In the Performance category, the Gigabyte GeForce RTX 5060 Ti Eagle OC 16GB and the Gigabyte GeForce RTX 5060 Ti Eagle OC Ice 16GB are, in every measurable way, identical. Both cards share the same 2407 MHz base clock and 2617 MHz boost clock, the same 4608 shading units, 144 TMUs, and 48 ROPs, and both run their GDDR7 memory at 1750 MHz. This translates to an identical 24.12 TFLOPS of floating-point throughput, a 376.8 GTexel/s texture fill rate, and a 125.6 GPixel/s pixel rate across the board.
Those figures are worth contextualizing: 24 TFLOPS of FP32 performance places this GPU firmly in the upper mid-range tier, capable of handling demanding rasterized workloads at 1440p and providing a solid foundation for ray-tracing and AI-accelerated rendering pipelines. The 48 ROPs are the throughput ceiling for pixel output — relevant in high-resolution or high-refresh-rate scenarios — and both cards hit that ceiling at exactly the same point. Double Precision Floating Point support is present on both, though it is rarely a deciding factor for gaming use cases.

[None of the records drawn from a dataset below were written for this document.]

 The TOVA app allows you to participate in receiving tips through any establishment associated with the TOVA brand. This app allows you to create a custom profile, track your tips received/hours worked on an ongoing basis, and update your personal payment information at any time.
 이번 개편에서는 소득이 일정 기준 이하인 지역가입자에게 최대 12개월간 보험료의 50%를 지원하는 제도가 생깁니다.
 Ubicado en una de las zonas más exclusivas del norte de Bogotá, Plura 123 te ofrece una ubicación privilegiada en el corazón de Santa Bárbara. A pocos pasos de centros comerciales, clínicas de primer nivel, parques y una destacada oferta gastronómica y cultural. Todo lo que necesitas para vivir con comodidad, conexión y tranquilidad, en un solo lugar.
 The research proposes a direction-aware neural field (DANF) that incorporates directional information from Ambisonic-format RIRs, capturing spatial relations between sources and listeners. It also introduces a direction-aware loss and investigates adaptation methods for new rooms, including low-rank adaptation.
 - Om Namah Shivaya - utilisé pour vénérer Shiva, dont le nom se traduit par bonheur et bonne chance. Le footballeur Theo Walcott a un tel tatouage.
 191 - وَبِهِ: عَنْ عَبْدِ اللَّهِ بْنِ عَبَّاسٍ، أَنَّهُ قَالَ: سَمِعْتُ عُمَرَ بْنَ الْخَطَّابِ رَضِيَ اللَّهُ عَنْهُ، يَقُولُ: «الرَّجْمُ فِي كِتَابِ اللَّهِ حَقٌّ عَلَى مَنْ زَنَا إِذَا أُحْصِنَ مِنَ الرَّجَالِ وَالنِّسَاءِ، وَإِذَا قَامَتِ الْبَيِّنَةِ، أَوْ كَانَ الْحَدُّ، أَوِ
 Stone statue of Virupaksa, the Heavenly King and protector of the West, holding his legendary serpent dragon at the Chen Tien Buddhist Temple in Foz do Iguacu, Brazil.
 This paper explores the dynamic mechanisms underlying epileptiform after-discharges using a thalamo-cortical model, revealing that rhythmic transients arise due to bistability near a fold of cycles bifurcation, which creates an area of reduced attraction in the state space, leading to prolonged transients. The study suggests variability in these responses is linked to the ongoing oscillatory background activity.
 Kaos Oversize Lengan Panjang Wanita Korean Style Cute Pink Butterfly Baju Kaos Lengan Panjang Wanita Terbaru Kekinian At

The verdict here is a complete tie. There is zero performance differentiation between these two variants at the silicon level. Any real-world difference in gaming benchmarks would fall entirely within margin-of-error variance. Buyers choosing between them should focus exclusively on other spec groups — such as cooling solution, physical dimensions, or aesthetics — since raw GPU performance will not separate them.